[Flac-dev] Re: Lossless AMI ADPCM

Josh Coalson j_coalson at yahoo.com
Thu Jun 28 14:07:43 PDT 2001

I'm copying the flac-dev list to see if anyone has any
feedback also...

--- Juhana Sadeharju <kouhia at nic.funet.fi> wrote:
> Hello again. I had time to check the paper out. I have filled the
> steps given in the paper with formulae, and then written a piece of
> C code. It is not complete code, but could be a reasonable start.
> Maybe there is one typo in the paper -- I have pointed out it in
> my notes below -- please check. This is only encoder, and I don't
> know what Q, L and S exactly are -- perhaps Sox's AMI ADPCM code
> could tell that; I have not yet checked at it.
> [C pseudo-code snipped]

This is referring to the following paper:


> What do you think about the algorithm given in the paper, and
> should we implement it to FLAC?
> The paper writes about 1:5 compression ratios, but I'm not sure
> could it be true with pop music. For sure 1:4 ratio would be
> a great thing to have, compared to FLAC's 1:2 ratio.

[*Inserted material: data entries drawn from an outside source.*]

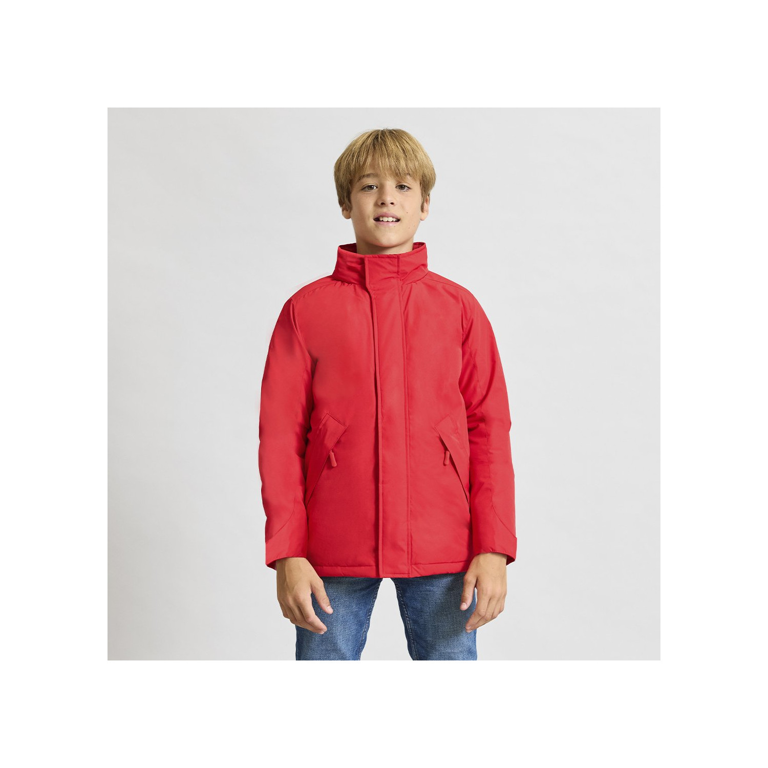 Parka imbottito unisex per bambini realizzato in tessuto impermeabile 100% RPET (poliestere riciclato). Con collo alto e cappuccio regolabile e pieghevole, integrato con chiusura in velcro. Chiusura centrale con zip tono su tono e patta protettiva, tasche laterali con zip e patta fissa coordinata. Include una tasca interna con chiusura in velcro. Polsini regolabili con velcro. Fodera in pile su collo e interno delle tasche per maggiore comfort. Con accesso interno per marcatura su petto sinistro e schiena, ideale per la personalizzazione. Con etichetta RPET tono su tono.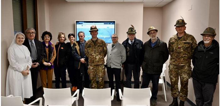 Si è svolta martedì 28 febbraio la visita del Generale Nicola Piasente e del Presidente della Sezione di Torino dell’Associazione Nazionale Alpini, Guido Vercellino, all’Hospice Cottolengo di Chieri, il centro per le cure palliative creato dalla Piccola Casa e dedicato alle persone colpite da malattie severe, che beneficerà di una sala di formazione per le équipes della struttura, allestita grazie alla donazione dei fondi raccolti a dicembre da diversi Gruppi dell’ANA nel corso della tournée natalizia della Fanfara della Brigata Alpina Taurinense che ha toccato Savigliano, Rivoli, Forno Canavese, Bardonecchia, Trecate, Bra e Genova. L’iniziativa benefica delle penne nere in armi e in congedo – che si iscrive nel perimetro dei forti legami storici tra il Corpo e il territorio con le sue comunità – contribuirà al funzionamento di uno spazio multimediale con strumenti informatici di qualità a disposizione di tutti gli operatori dell’hospice, fornendo la continuità formativa del personale che si prende cura degli ospiti e dei loro familiari. La sala consentirà tra l’altro la partecipazione del personale a corsi a distanza, senza doversi assentare dal posto di servizio, facilitando così la presenza vicino ai malati.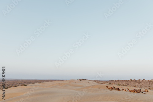 Camels lounge in the sand dunes at sunset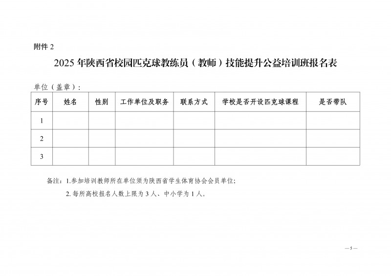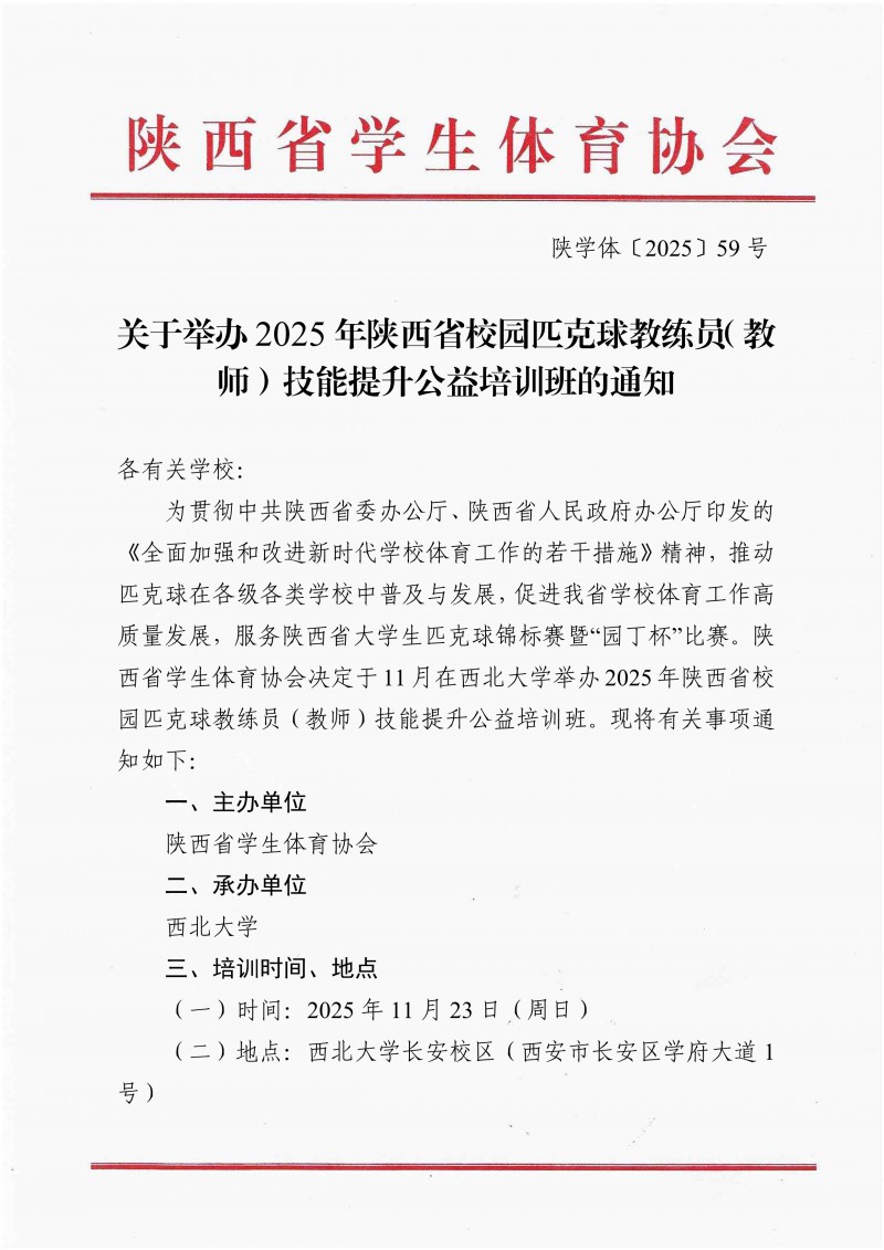 关于举办2025年陕西省校园匹克球教练员(教师)技能提升公益培训班的通知

I don't think this method is relevant to FLAC and here's why.

First, the results they show are for compression of data
that has already been lossily quantized to fewer bits per
sample, e.g. u-Law and A-Law are logarithmic quantizations
of 16-bit data to 8-bit.

Second, the average ratio (assuming the table describes
ratios, since the omitted the units) for 44.1kHz audio
is 3:1.  They only vaguely mention the sources for the
material.  I can choose material that gives those ratios
even for linear PCM.

Aside from that, their prediction idea is to use a very
large filter kernel (thousands of taps), and adapt the
kernel instead of transmitting it for each frame.  A
long kernel theoretically means more accurate prediction
because of the long time correlation, especially since
audio data is highly oversampled most of the time.  It
is apparent their method is geared for speech and I
think is not so good for general music compression, for
a few reasons:

1. Computing such a large filter is computationally
expensive.  Standard autocorrelation->Levinson-Durbin
will be too slow.  So they use RLS, which has stability

2. They can use Huffman encoding on the residual because
the alphabet is small (since the samples have already
been quantized down to 8 bits or less).  If you are
working with 16-bit or 24-bit data, generic Huffman is
not practical because of the dictionary size.  That's
why most (all?) such codecs use Rice coding.

I have done some tests with long kernels and it does
not buy very much extra compression.  Most of the slack
can be taken up with better entropy coding.